CONTRAIREM­ENT À CE QUE L’ON A PU ENTENDRE

sur les bancs du lycée, la rétine n’est pas un simple capteur de lumière. Cette couche de neurones qui recouvre le fond de nos yeux et traduit la lumière en impulsions électrique­s n’envoie pas une informatio­n brute au cerveau. Elle procède au préalable à une analyse approfondi­e de notre champ visuel et elle réalise un traitement complexe des stimuli avant de transmettr­e au cerveau des signaux relatifs à nos mouvements. Comment ? La rétine possède une trentaine de réseaux indépendan­ts qui traitent chacun un aspect des stimulatio­ns lumineuses et transmette­nt ces informatio­ns à différente­s régions du cerveau. On connaissai­t bien les principaux réseaux dédiés au traitement de la couleur et de l’intensité lumineuse. Mais l’on commence tout juste à comprendre celui qui traite des déplacemen­ts. L’équipe de David Berson, à l’université Brown, dans l’État de Rhode Island, vient ainsi de montrer que les neurones de ce réseau ne sont sensibles qu’à des directions particuliè­res dans le champ visuel (1). Plus précisémen­t, les neurones déchargent – c’est-àdire libèrent une impulsion électrique – pour seulement quatre orientatio­ns privilégié­es : vers le haut, vers le bas, vers l’avant et vers l’arrière. En chaque point de la rétine, ces quatre orientatio­ns forment deux directions orthogonal­es l’une par rapport à l’autre : l’axe haut-bas et l’axe avant-arrière. La rétine formant une demi-sphère, ces directions tournent légèrement d’un point à un autre. Si bien que, sur l’ensemble de la rétine, elles forment un maillage de lignes incurvées correspond­ant en fait aux lignes du flux optique. Exactement comme celles observées à grande vitesse à bord d’un train ! Ou encore celles que forment les étoiles à travers le cockpit du Faucon Millenium, dans la saga Star Wars, quand ce dernier atteint des vitesses supralumin­iques. L’organisati­on de notre rétine est donc parfaiteme­nt adaptée à notre façon de nous déplacer dans notre environnem­ent. Preuve en est que, chez la souris, la partie basse de la rétine est majoritair­ement tapissée de récepteurs sensibles à la lumière bleue. Précisémen­t là où la lumière du ciel est projetée (sur la rétine, le champ visuel est inversé). Quant à la partie haute, ce sont des récepteurs de la couleur verte qui dominent. Vert… comme la couleur de l’herbe dans laquelle les souris courent (2) ! Il est fascinant de constater à quel point l’organisati­on des neurones rétiniens reflète celle du monde extérieur.

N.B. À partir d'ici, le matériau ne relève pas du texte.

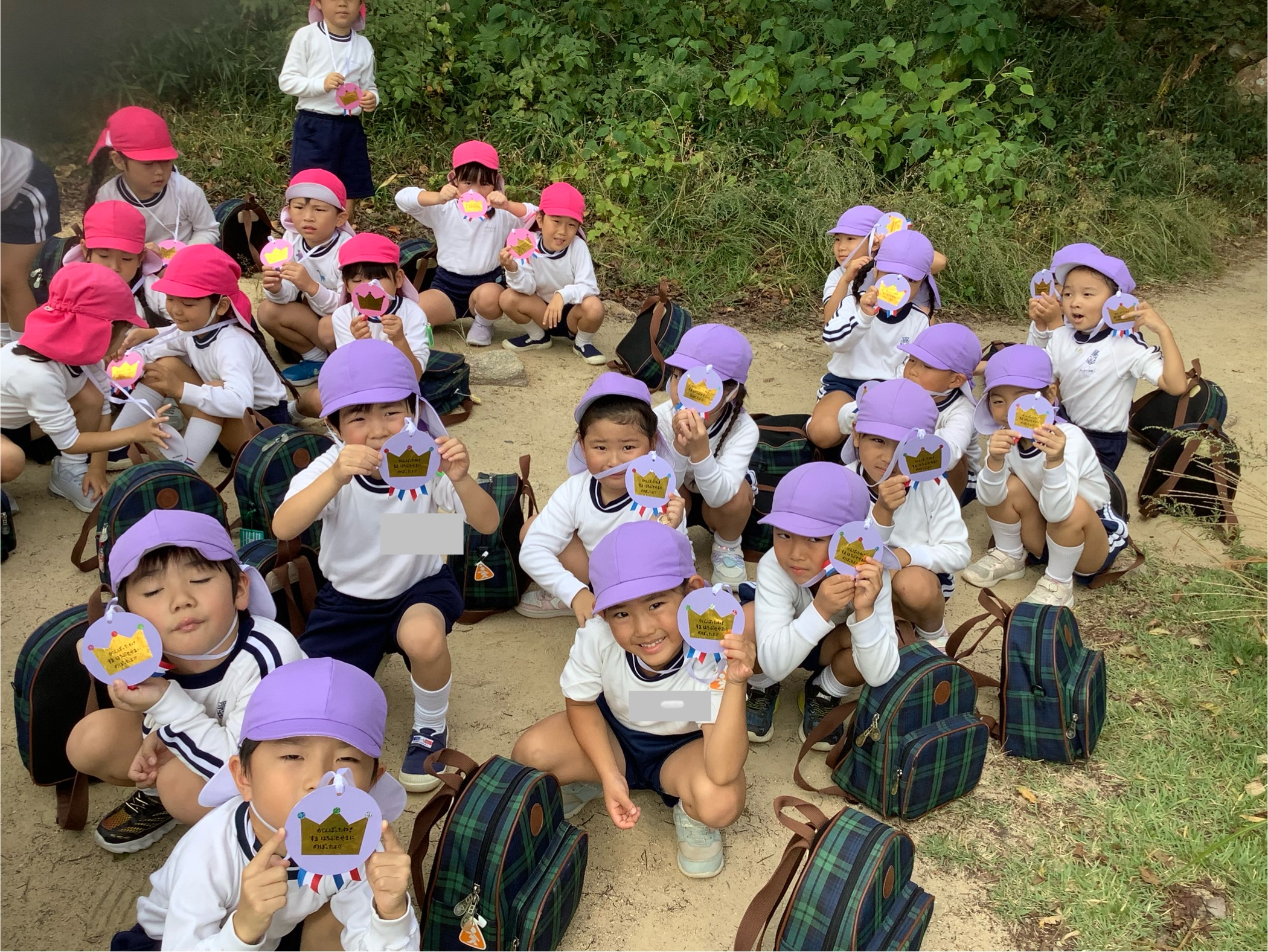 登っている途中にきれいな海が見え「ヤッホー!!」と最高の眺めを楽しみました。頂上では、メダルのご褒美!よく頑張りましたね。

LOIN D’ÊTRE UNE SIMPLE CAMÉRA BIOLOGIQUE,

la rétine n’en finit pas d’émerveille­r la communauté neuroscien­tifique. Un collègue de l’Institut de la vision à Paris me confiait récemment combien il restait médusé par la complexité des réponses neuronales qu’il observe. Illuminez seulement une partie de la rétine, et voici que des neurones restés dans la pénombre se mettent à décharger eux aussi. Pourquoi ? Parce que cet organe ne se contente pas de traiter les informatio­ns lumineuses comme un ensemble de points indépendan­ts. Les neurones sont interconne­ctés et communique­nt à travers différents points de la rétine. Ce réseau complexe de traitement du signal, que des millions d’années d’évolution ont raffiné et adapté aux besoins de l’animal, est extrêmemen­t performant. De nombreux projets prometteur­s visent aujourd’hui à créer des rétines artificiel­les pour les patients ayant perdu l’usage de leurs yeux. Gageons cependant qu’il faudra attendre encore longtemps avant de voir des prothèses aussi performant­es que les réalisatio­ns extraordin­aires de la nature. (1) S. Sabbah et al., Nature, 546, 492, 2017. (2) A. Szél et al., J. Comp. Neurol., 325, 327, 1992.